Do not include the pictures; repeat the rest of the data exactly.

*** Opening Data to process ***

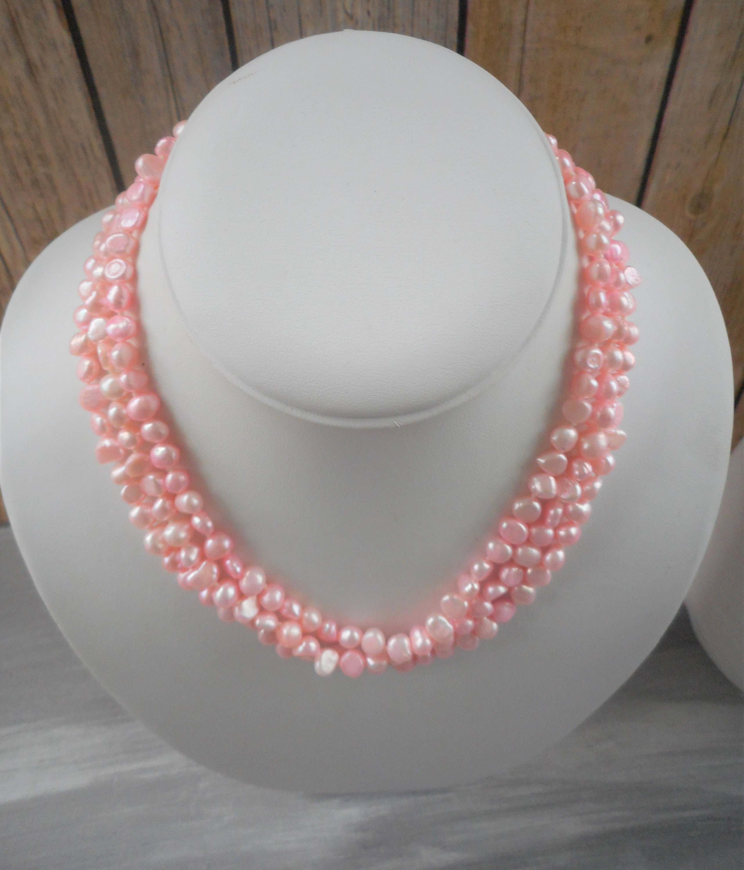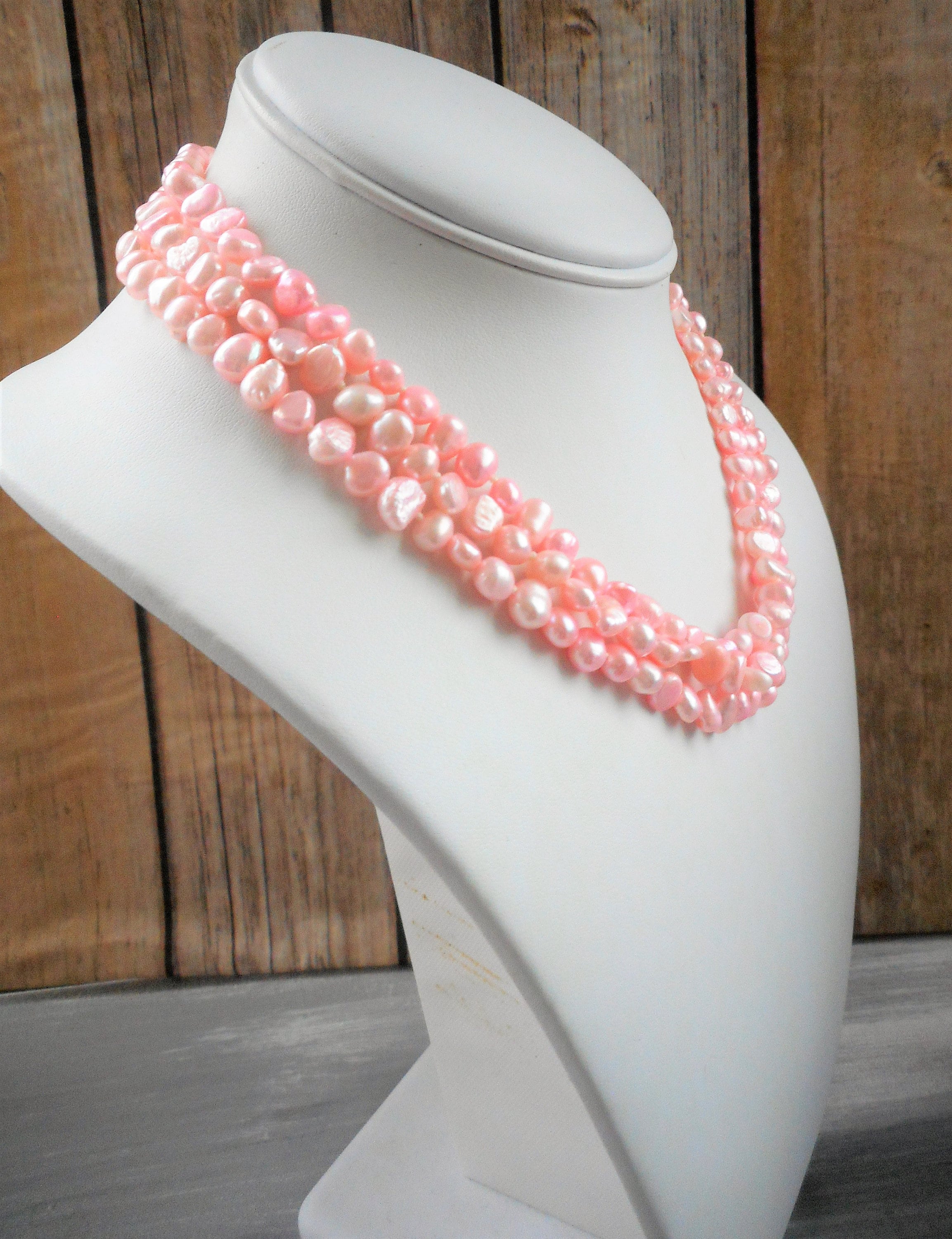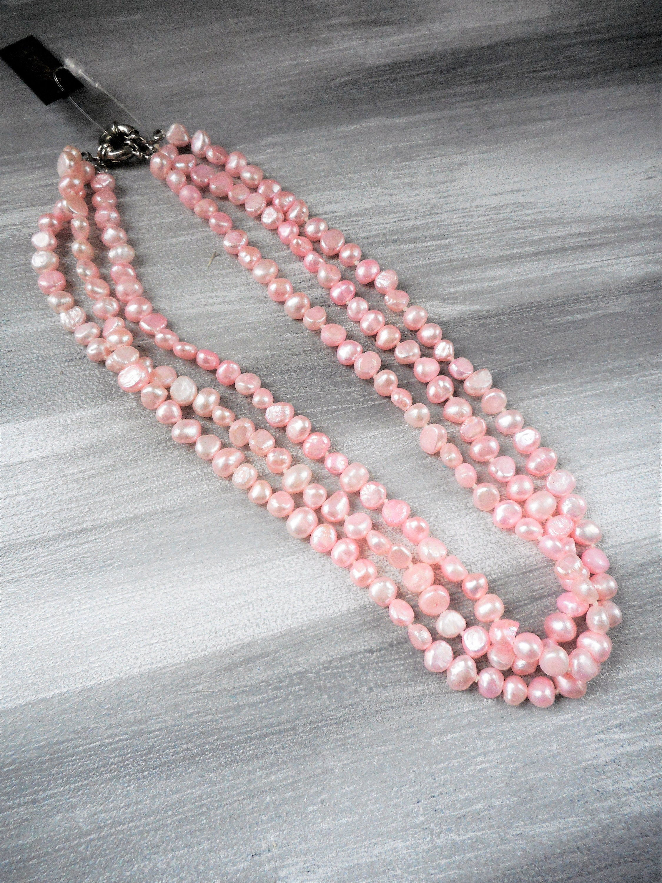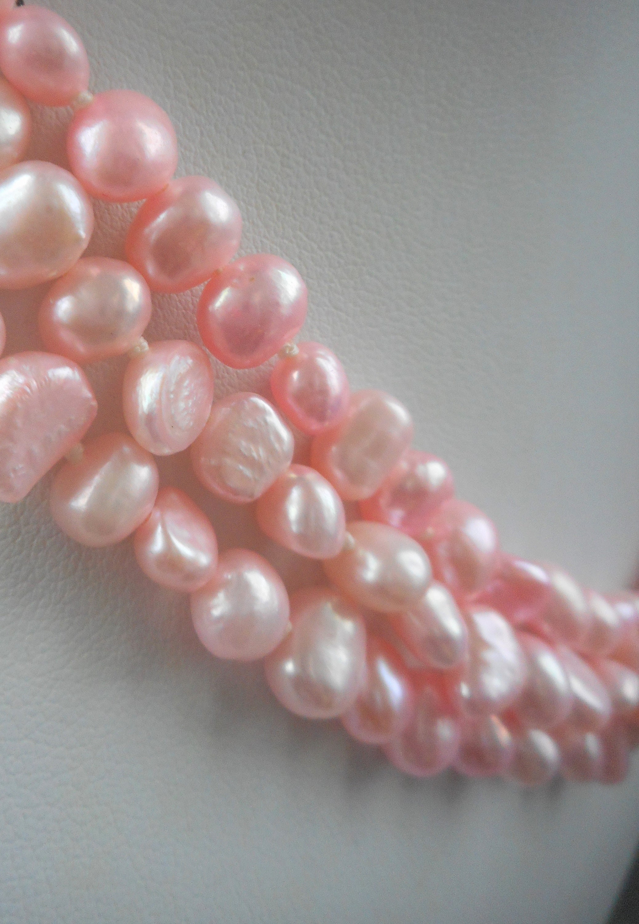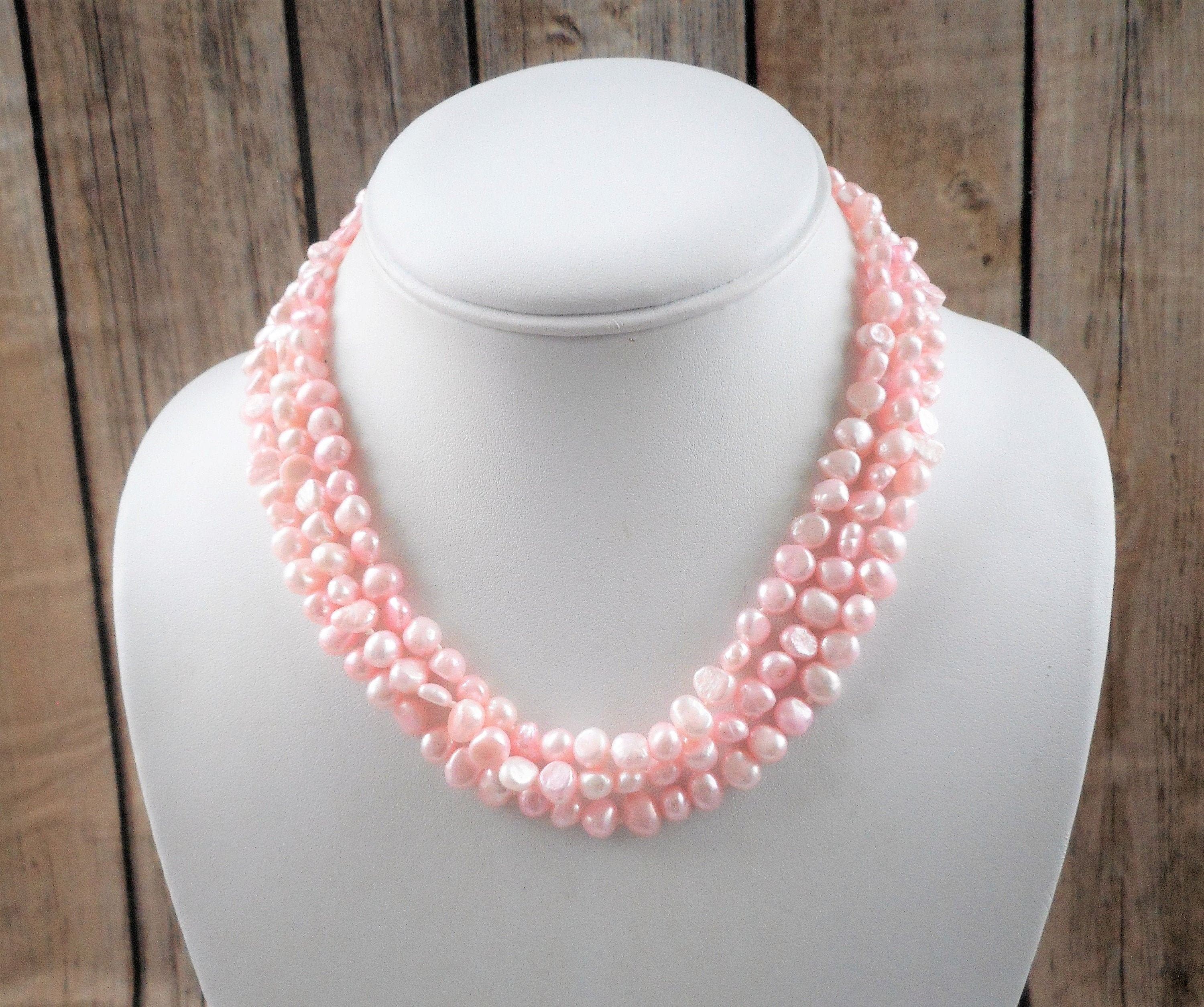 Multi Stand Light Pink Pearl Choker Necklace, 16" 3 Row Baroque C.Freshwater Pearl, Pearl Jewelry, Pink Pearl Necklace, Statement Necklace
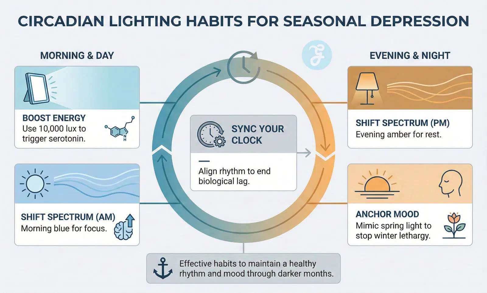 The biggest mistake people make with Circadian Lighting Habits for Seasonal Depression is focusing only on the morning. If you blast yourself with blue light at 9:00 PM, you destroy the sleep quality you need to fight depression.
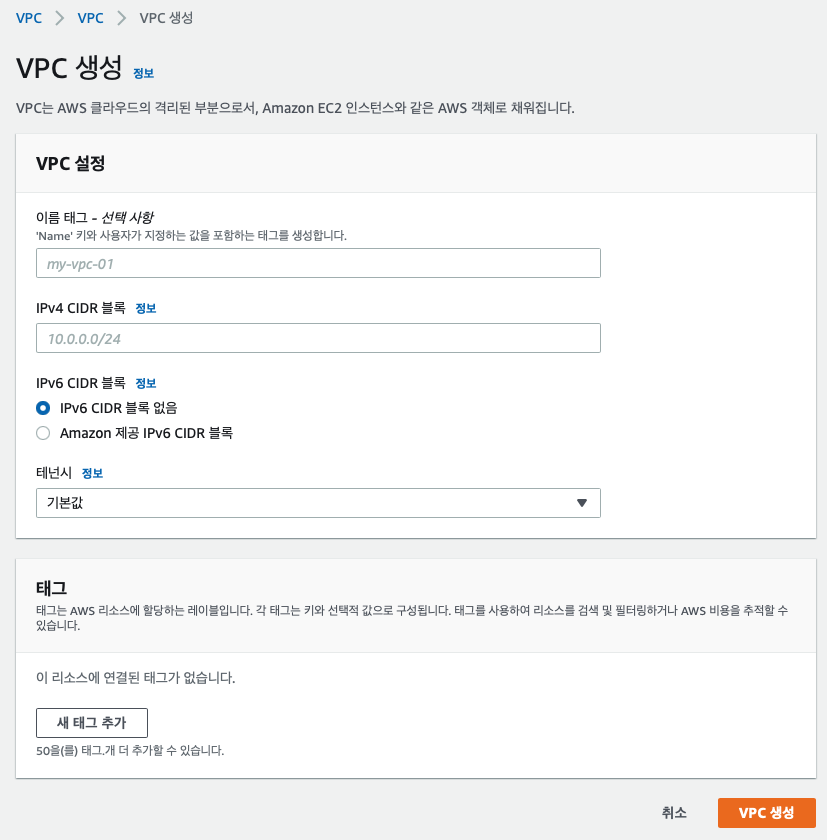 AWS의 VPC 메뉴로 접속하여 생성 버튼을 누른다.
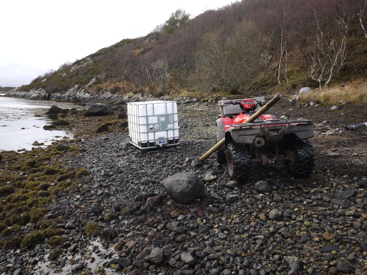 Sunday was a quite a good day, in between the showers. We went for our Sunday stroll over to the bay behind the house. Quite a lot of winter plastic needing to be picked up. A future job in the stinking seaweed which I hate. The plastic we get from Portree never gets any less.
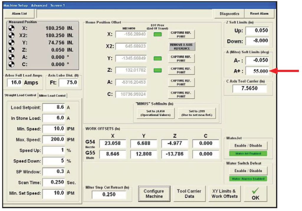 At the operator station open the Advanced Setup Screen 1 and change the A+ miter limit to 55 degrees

*** Closing Data to process ***

■ Task response
 Multi Stand Light Pink Pearl Choker Necklace, 16" 3 Row Baroque C.Freshwater Pearl, Pearl Jewelry, Pink Pearl Necklace, Statement Necklace
 The biggest mistake people make with Circadian Lighting Habits for Seasonal Depression is focusing only on the morning. If you blast yourself with blue light at 9:00 PM, you destroy the sleep quality you need to fight depression.
 AWS의 VPC 메뉴로 접속하여 생성 버튼을 누른다.
 Sunday was a quite a good day, in between the showers. We went for our Sunday stroll over to the bay behind the house. Quite a lot of winter plastic needing to be picked up. A future job in the stinking seaweed which I hate. The plastic we get from Portree never gets any less.
 At the operator station open the Advanced Setup Screen 1 and change the A+ miter limit to 55 degrees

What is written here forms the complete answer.